Cependant, certaines limites de l’étude doivent être prises en compte:

Les auteurs affirment qu’ils ont démontré une relation de cause à effet basée sur certains critères. Mais à l’exception des rapports d’enquête sur l’accident de toxicité aiguë dans l’air dans la deuxième étude, ces types d’études ne peuvent pas prouver la causalité. Bien qu’il soit probable que l’exposition à des produits chimiques soit toxique, cette étude n’a pas établi de lien entre de nombreux symptômes et des échantillons d’air à bord. Il y a toujours une possibilité que les symptômes aigus vécus par les pilotes et l’équipage aient été provoqués par d’autres choses, pas seulement par l’air contaminé. En ce qui concerne les effets chroniques potentiels, il est encore plus difficile d’éliminer d’autres facteurs qui ont pu jouer un rôle.

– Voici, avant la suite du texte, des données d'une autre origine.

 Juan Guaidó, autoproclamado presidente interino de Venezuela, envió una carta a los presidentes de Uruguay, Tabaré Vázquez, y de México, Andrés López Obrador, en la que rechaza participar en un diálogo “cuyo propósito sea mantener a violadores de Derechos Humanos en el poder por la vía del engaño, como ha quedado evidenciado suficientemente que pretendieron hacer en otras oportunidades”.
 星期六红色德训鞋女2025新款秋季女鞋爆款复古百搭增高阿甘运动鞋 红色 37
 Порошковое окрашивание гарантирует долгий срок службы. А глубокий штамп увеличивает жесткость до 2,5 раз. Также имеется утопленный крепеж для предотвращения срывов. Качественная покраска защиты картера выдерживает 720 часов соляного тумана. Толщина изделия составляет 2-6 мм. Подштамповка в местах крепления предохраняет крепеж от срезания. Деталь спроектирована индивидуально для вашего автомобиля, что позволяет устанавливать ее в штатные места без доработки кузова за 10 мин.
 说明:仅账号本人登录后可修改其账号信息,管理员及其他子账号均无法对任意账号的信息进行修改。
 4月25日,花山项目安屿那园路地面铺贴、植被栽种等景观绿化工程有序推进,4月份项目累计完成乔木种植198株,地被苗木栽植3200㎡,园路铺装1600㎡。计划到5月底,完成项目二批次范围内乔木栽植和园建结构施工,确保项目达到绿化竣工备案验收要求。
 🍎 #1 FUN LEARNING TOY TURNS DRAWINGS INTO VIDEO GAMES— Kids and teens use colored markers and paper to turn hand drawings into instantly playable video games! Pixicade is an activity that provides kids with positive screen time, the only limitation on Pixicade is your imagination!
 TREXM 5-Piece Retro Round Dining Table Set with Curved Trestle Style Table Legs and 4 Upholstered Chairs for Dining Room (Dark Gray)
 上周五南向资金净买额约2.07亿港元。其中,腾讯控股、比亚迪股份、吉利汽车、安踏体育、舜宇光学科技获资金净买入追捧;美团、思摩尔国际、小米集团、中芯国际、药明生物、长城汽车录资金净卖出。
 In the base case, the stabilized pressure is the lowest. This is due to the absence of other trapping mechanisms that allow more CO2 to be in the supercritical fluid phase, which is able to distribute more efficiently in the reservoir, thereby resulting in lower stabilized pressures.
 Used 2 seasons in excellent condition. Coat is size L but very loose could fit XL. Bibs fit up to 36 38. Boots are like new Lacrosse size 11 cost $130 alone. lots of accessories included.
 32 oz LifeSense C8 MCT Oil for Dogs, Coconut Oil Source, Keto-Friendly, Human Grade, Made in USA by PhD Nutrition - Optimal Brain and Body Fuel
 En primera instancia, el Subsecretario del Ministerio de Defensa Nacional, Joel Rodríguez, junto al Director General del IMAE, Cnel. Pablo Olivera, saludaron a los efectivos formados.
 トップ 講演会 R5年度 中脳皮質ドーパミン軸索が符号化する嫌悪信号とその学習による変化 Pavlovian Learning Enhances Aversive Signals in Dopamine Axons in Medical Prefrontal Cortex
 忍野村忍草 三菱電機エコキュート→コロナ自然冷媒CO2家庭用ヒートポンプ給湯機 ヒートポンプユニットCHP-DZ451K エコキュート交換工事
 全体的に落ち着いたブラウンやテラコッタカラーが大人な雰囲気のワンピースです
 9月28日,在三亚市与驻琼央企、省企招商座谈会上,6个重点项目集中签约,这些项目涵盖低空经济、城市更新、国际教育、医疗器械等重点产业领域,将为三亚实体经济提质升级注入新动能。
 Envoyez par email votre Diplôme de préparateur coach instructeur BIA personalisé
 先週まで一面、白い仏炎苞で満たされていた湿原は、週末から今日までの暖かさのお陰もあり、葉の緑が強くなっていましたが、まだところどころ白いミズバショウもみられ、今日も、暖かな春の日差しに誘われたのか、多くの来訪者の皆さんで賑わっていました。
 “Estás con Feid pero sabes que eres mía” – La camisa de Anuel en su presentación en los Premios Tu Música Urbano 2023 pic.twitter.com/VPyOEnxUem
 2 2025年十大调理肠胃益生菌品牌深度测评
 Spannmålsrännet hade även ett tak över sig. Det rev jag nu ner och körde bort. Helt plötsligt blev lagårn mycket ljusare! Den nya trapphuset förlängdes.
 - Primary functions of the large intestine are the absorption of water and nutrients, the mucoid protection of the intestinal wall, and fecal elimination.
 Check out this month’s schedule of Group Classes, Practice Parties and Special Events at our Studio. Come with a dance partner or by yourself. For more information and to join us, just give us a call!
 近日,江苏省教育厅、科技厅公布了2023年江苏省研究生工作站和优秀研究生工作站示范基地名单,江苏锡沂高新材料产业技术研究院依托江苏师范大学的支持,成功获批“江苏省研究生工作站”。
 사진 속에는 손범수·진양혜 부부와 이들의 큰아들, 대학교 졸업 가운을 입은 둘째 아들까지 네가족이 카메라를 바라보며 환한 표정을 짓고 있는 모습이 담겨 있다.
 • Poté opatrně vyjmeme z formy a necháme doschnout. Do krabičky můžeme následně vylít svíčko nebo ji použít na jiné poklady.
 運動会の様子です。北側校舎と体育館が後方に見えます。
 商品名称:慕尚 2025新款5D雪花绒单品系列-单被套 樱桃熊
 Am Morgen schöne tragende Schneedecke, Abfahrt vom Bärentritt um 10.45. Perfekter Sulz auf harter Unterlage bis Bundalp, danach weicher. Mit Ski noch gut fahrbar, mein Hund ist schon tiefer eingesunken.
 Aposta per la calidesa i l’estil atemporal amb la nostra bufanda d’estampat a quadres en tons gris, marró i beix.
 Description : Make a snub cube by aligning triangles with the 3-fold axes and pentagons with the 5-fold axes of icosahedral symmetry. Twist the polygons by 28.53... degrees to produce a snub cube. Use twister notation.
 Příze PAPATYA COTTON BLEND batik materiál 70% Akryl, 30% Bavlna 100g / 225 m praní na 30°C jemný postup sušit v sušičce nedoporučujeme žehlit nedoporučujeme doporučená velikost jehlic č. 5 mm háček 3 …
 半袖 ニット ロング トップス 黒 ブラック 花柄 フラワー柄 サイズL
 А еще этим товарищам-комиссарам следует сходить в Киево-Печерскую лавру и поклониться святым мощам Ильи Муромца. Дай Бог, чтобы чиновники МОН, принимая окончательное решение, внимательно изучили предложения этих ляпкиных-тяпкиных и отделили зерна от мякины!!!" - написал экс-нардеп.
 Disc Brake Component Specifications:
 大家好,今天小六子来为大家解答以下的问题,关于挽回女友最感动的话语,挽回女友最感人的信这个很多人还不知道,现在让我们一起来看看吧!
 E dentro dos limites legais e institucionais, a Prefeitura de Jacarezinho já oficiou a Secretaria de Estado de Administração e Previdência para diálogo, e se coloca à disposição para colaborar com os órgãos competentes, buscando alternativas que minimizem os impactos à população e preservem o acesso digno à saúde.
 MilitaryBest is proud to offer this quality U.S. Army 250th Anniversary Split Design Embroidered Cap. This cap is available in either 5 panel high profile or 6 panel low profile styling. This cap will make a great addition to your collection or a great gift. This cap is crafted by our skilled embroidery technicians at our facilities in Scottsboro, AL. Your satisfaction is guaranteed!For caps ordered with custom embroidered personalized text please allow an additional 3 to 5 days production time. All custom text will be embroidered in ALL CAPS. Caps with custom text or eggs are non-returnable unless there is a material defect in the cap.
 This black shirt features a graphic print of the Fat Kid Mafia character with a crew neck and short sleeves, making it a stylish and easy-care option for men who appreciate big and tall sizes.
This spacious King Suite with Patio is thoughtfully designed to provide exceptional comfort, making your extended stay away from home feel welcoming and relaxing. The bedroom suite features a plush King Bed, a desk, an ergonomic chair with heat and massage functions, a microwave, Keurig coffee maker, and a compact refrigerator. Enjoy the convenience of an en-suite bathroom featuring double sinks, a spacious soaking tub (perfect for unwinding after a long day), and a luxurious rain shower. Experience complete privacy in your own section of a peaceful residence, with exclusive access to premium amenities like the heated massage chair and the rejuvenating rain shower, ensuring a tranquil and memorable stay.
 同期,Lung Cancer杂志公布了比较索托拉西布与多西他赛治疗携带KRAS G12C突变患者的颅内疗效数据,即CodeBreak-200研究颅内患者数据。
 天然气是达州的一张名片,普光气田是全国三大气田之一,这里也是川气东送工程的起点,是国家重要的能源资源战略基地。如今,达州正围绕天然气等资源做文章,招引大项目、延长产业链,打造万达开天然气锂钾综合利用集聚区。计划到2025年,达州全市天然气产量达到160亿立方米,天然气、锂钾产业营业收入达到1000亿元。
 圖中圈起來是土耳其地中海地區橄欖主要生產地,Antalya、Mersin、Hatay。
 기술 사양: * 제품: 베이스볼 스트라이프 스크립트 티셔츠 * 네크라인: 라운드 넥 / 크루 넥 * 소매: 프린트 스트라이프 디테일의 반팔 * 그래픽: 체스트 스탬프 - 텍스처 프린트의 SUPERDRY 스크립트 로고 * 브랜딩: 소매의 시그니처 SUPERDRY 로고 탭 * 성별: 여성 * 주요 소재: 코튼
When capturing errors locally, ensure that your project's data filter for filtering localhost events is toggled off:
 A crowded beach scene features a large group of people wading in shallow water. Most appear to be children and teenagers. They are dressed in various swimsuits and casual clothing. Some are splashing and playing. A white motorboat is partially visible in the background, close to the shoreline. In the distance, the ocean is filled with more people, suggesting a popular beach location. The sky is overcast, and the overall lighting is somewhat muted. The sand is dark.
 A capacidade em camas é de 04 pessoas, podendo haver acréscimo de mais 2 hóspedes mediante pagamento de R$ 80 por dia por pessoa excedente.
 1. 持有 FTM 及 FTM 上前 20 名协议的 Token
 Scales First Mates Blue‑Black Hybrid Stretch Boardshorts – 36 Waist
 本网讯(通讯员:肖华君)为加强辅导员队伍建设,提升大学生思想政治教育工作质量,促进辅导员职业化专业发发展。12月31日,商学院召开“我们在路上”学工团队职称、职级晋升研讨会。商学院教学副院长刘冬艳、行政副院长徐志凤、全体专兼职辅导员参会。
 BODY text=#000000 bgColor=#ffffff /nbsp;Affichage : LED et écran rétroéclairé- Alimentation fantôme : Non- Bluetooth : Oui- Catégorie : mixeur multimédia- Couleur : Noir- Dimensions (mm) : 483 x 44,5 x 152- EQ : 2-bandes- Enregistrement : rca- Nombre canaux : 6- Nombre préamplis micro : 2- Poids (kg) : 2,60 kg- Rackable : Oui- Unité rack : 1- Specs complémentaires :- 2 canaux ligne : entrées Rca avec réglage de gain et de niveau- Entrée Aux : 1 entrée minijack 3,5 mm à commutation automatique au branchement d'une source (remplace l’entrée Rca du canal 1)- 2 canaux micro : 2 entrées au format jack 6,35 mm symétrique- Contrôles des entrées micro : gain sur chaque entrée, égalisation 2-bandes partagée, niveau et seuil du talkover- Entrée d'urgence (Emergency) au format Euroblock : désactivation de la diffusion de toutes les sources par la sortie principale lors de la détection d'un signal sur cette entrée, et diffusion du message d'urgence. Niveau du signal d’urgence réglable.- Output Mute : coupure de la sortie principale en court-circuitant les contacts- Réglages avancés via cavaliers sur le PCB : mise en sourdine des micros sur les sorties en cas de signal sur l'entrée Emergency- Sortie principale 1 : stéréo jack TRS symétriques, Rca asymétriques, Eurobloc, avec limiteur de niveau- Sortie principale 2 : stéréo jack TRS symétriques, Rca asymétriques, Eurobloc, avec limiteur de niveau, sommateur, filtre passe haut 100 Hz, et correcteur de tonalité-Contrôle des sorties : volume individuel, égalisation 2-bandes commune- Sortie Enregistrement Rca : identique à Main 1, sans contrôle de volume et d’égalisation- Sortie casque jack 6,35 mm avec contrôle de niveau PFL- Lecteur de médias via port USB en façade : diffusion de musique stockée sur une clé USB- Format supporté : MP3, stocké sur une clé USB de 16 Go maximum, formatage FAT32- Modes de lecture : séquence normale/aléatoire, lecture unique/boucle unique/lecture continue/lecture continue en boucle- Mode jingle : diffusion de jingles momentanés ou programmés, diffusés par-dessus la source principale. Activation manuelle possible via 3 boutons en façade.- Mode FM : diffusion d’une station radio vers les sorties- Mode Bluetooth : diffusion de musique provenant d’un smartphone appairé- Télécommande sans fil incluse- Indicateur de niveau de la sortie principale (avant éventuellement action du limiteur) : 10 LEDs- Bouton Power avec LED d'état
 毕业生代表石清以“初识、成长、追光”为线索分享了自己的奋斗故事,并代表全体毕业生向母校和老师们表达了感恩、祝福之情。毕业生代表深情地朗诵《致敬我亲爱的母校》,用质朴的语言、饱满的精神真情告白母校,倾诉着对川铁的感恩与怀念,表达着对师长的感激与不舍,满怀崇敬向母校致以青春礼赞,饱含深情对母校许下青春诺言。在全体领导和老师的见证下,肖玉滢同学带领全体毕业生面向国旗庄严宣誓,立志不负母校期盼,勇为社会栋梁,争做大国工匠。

Les données de l’enquête pilote étaient autodéclarées, ce qui pourrait être biaisé, car les gens pourraient ne pas se souvenir correctement ou exagérer les résultats pour la santé. Il y avait également un risque élevé de biais de sélection, car seule une petite proportion des pilotes invités à participer était d’accord. Il est probable que ceux qui n’y ont pas participé n’ont pas eu de problèmes de santé évidents.

Les données provenant des études de cas proviennent de sources multiples qui pourraient ne pas avoir des façons cohérentes de rapporter des choses, donc les analyser en tant que groupe pourrait conduire à des inexactitudes.

Nous ne savons pas si la fréquence d’exposition influe sur les effets sur la santé (si les symptômes s’aggravent, le personnel est de plus en plus exposé à l’air contaminé). Cela pourrait avoir des conséquences pour les voyageurs fréquents, il est donc important de le savoir.